WS2(1−x)Se2x samples were grown by CVD in a 1″ quartz tube furnace. A quartz boat contained WS2 and WSe2 powder was loaded at the center of the furnace. SiO2/Si substrate was placed at the downstream of the furnace. Before heating, an Ar gas flow was introduced into the system for 10 min in order to exhaust the air and maintain the flow at 70 standard-state cubic centimeter per minute (sccm). The furnace was then rapidly heated to 1100 °C in 30 min. After keeping the growth at this temperature for 5 min, the furnace was then cooled down to room temperature naturally.

µ-PL measurements

The µ-PL measurements were conducted at room temperature, using a commercial confocal Horiba micro-Raman microscope with a ×100 objective and a 532 nm laser excitation. The laser beam was focused onto a small spot having a diameter of ~1 μm on the sample and its incident power was about 5 μW. All measurements are acquired with a 532 nm laser excitation at room temperature.

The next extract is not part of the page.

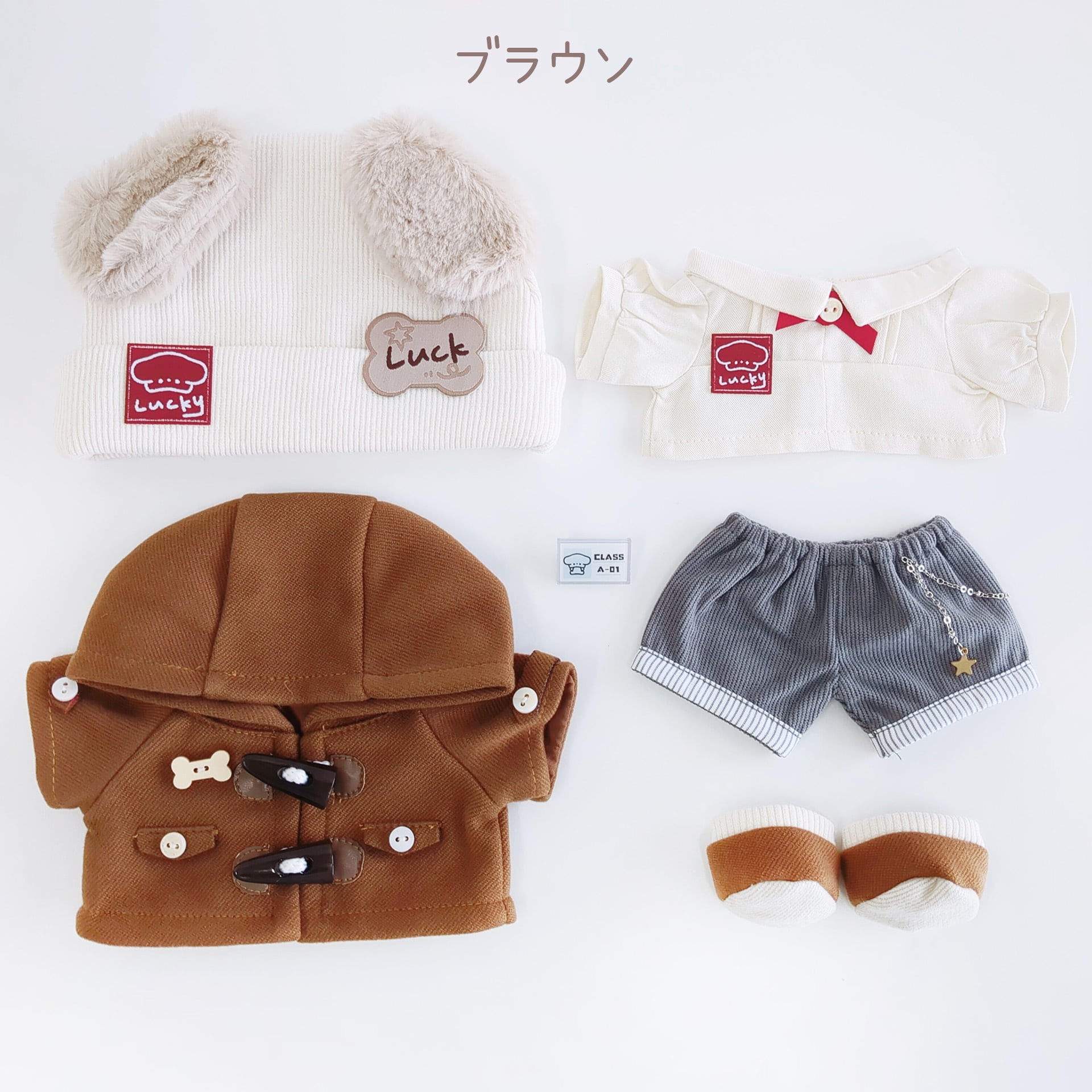 【ぼうし、コート、トップス、ボトムス、シューズ、安全ピン付き飾り】6点

Band structure of few layers WS2(1−x)Se2x

The ARPES measurements were conducted at the ANTARES beamline of Synchrotron SOLEIL (Saint-Aubin, France). We used linearly horizontal polarized photons of 100 eV and a hemispherical electron analyzer with vertically confining entrance slit to allow band mapping. The total angle and energy resolutions were 0.25° and 10 meV. All nano-XPS/ARPES experiments were done at low temperature (70 K).

Theoretical calculations

We performed plane-wave density functional theory (DFT) simulations by means of the QUANTUM ESPRESSO code48. To include the spin–orbit interaction, we realized noncollinear calculations with the adoption of fully relativistic norm-conserving pseudopotentials. In order to attain a better estimation of the band gap, we adopted the HSE hybrid functional49 to approximate the exchange-correlation term. The self-consistent solution was obtained by using a 15 × 15 × 1 Monkhorst–Pack k-points grid centered around the Γ point and a cutoff energy of 50 Ry. In layered materials, the van der Waals forces were accounted by means of the semiempirical Grimme DFT-D3 correction50. A vacuum space of 24 Å in the z direction was assumed in the unit cell to suppress the interaction between two adjacent sheets in the periodic arrangement. The cell parameters and atomic coordinates were fully relaxed by using a convergence threshold for forces and energy of 10−3 and 10−4 (a.u.), respectively. The WSSe was simulated within the virtual crystal approximation (VCA), where at each chalcogen position we located a virtual atom whose pseudopotential is given by a linear interpolation of the pseudopotentials for S and Se. Such a mean-field approximation is expected to provide the correct trends of the band-structure evolution of samples with sufficiently large surfaces.